Юность Шекспира пришлась на время, когда английский народ был настойчив в требовании драматических развлечений. Двор легко обижался на политические аллюзии и пытался их подавить. Пуритане, растущая и энергичная партия, и религиозные люди среди англиканской церкви хотели бы их подавить. Но народ хотел их. Постоялые дворы, дома без крыш и импровизированные ограждения на сельских ярмарках были готовыми театрами для странствующих актеров. Люди вкусили эту новую радость; и, как мы не могли бы надеяться подавить газеты сейчас — нет, даже самой сильной партией — так и тогда ни король, ни прелат, ни пуританин, по отдельности или вместе, не могли подавить орган, который был одновременно балладой, эпосом, газетой, собранием, лекцией, Панчем и библиотекой. Вероятно, король, прелат и пуританин — все находили в этом свою выгоду.

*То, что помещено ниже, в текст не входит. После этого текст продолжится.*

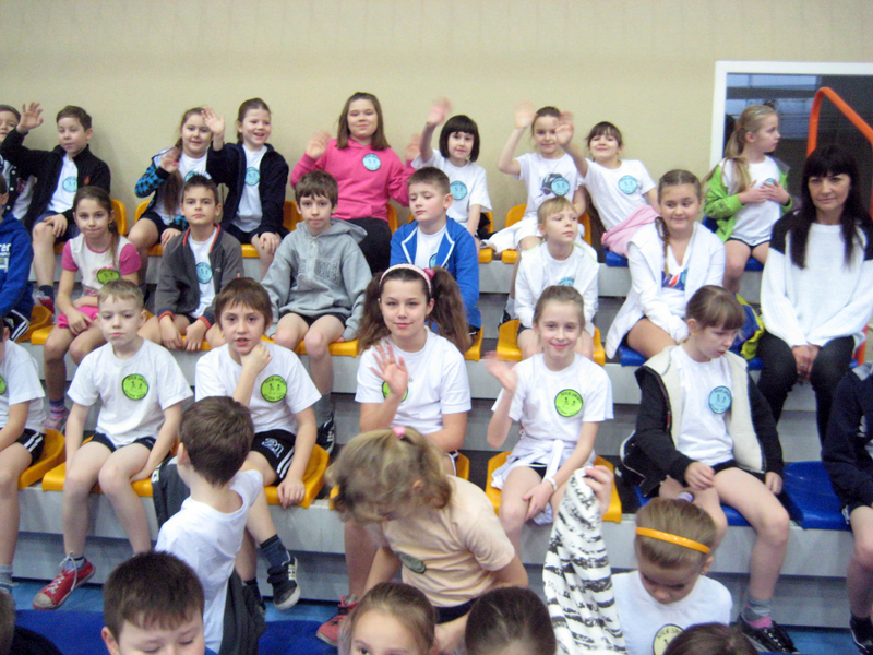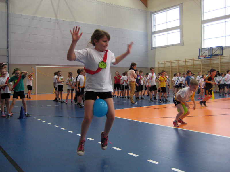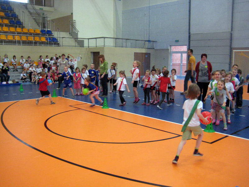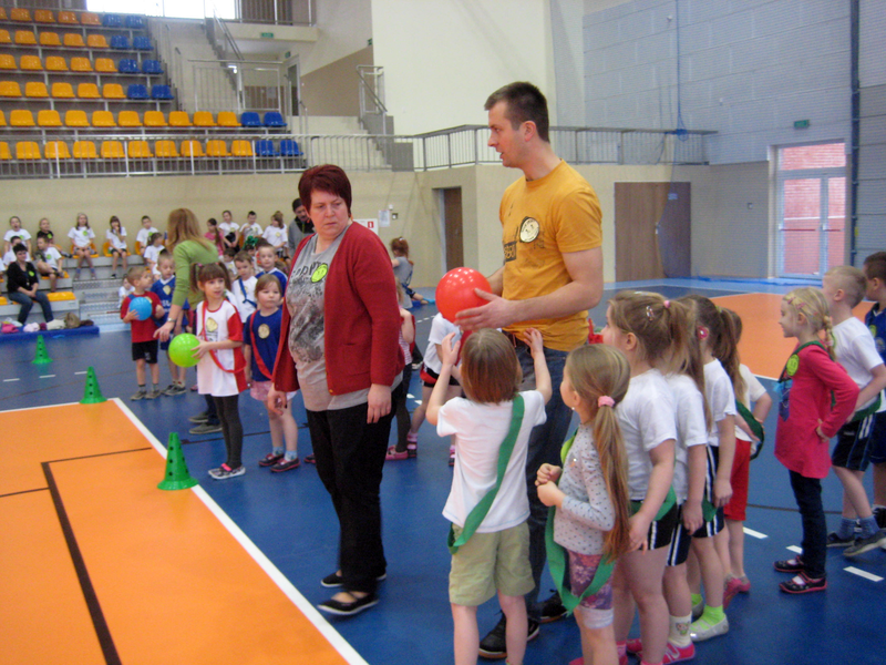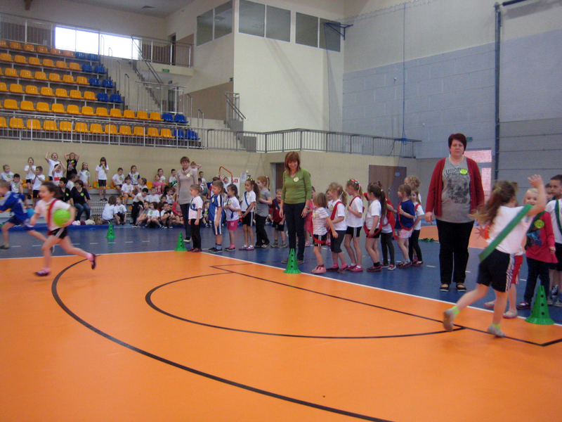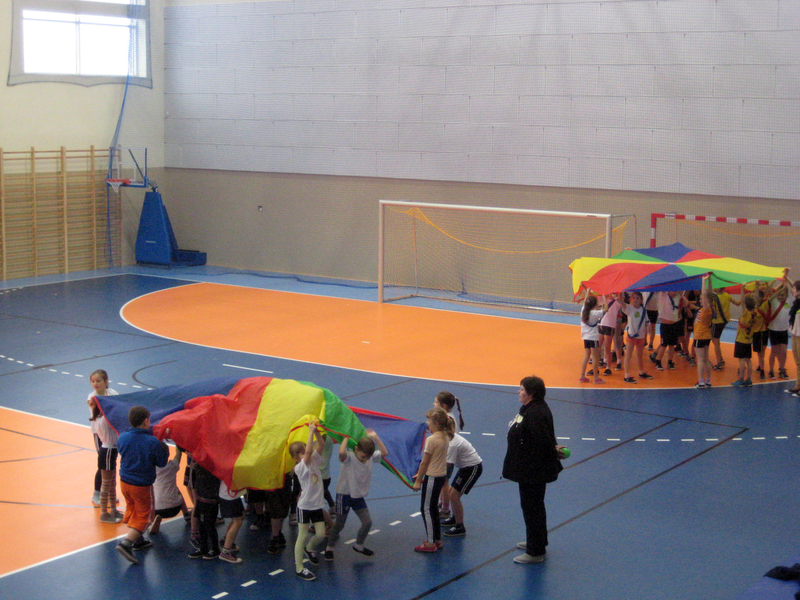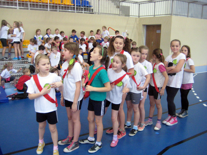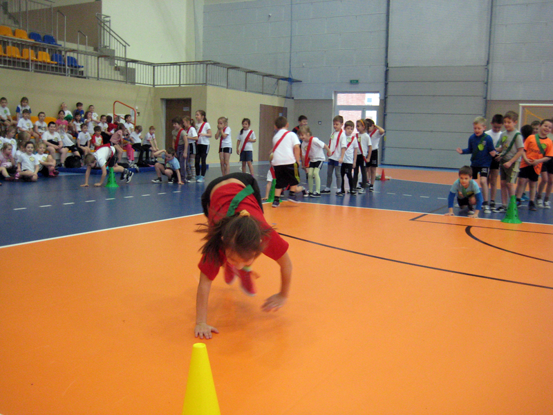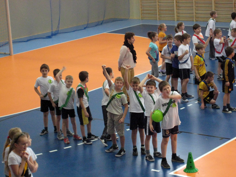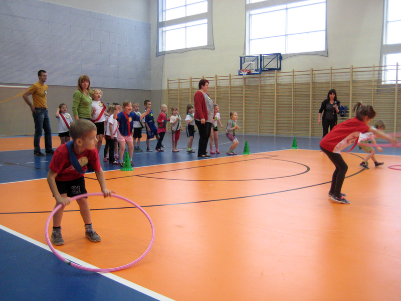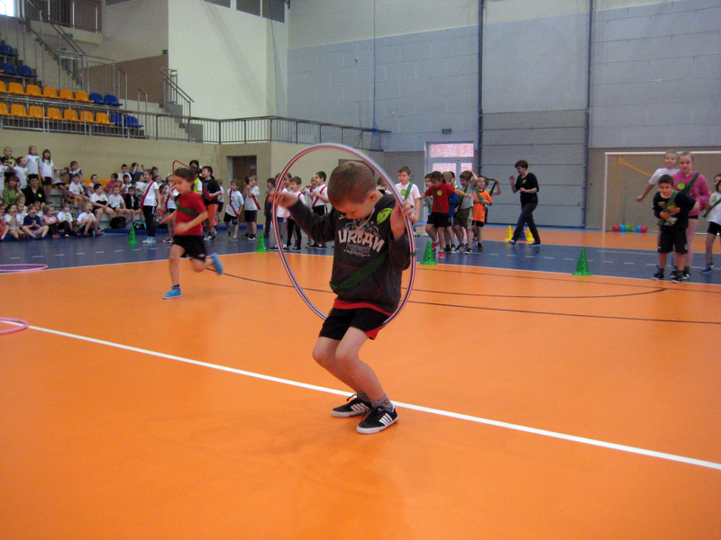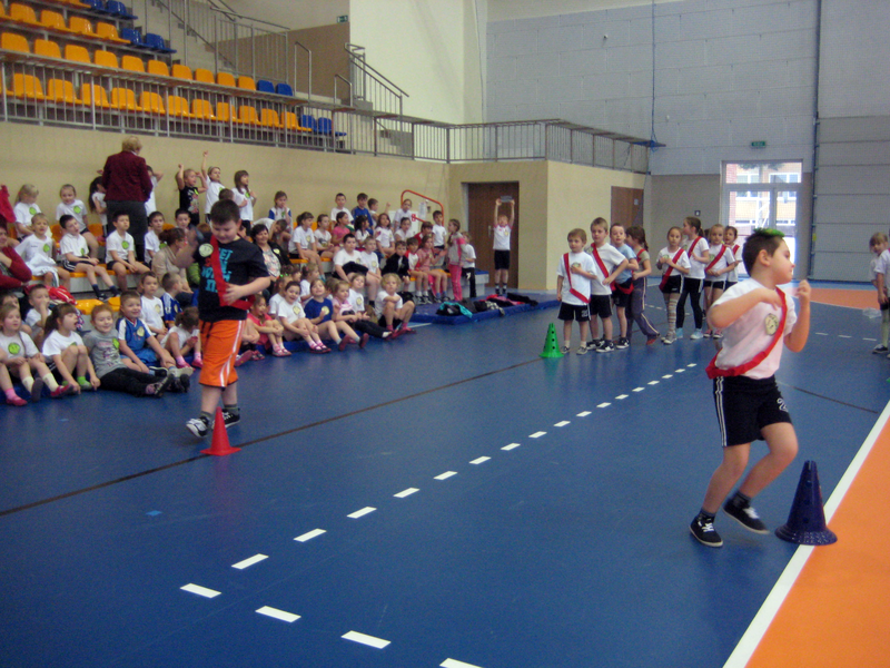 Uroczyste otwarcie hali sportowo – widowiskowej odbyło się na początku stycznia, teraz na prośbę pani dyrektor Aleksandry Krawczyk zorganizowano sportową olimpiadę dla najmłodszych uczniów naszej szkoły.  Ten dzień był wyjątkowy. Wszystkie klasy i dzieci przedszkolne rywalizowały ze sobą w różnych dyscyplinach: zawody z piłką, obręczą, z woreczkami, różne zabawy i gry zespołowe, zabawy z chustą Klanza.

Это стало по всем причинам национальным интересом — отнюдь не заметным, так что какой-нибудь великий ученый подумал бы о том, чтобы рассмотреть это в истории Англии, — но ничуть не менее значительным из-за того, что это было дешево и не имело значения, как булочная. Лучшим доказательством его жизнеспособности является толпа писателей, которые внезапно ворвались в эту область: Кид, Марло, Грин, Джонсон, Чепмен, Деккер, Вебстер, Хейвуд, Мидлтон, Пил, Форд, Мессинджер, Бомонт и Флетчер.
Надежное овладение сценой умами публики имеет первостепенное значение для поэта, который работает для нее. Он не теряет времени на праздные эксперименты. Здесь подготовлены аудитория и ожидание. В случае с Шекспиром есть нечто большее. В то время, когда он покинул Стратфорд и отправился в Лондон, существовало огромное количество пьес всех дат и авторов в рукописях, которые по очереди ставились на подмостках. Вот «Сказание о Трое», которое аудитория будет слушать по частям каждую неделю; «Смерть Юлия Цезаря» и другие истории из Плутарха, от которых они никогда не устают; полка, полная английской истории, от хроник Брута и Артура до королевских Генрихов, которые люди слушают с жадностью; и вереница скорбных трагедий, веселых итальянских сказок и испанских путешествий, которые знают все лондонские подмастерья. Вся эта масса была обработана с большей или меньшей степенью мастерства каждым драматургом, и у суфлера есть испачканные и потрепанные рукописи. Теперь уже невозможно сказать, кто написал их первым. Они так долго были собственностью Театра, и так много восходящих гениев расширяли или изменяли их, вставляя речь или целую сцену, или добавляя песню, что никто больше не может претендовать на авторское право на эту работу многих. К счастью, никто и не хочет. Они еще не востребованы таким образом. У нас мало читателей, много зрителей и слушателей. Им лучше лежать там, где они есть.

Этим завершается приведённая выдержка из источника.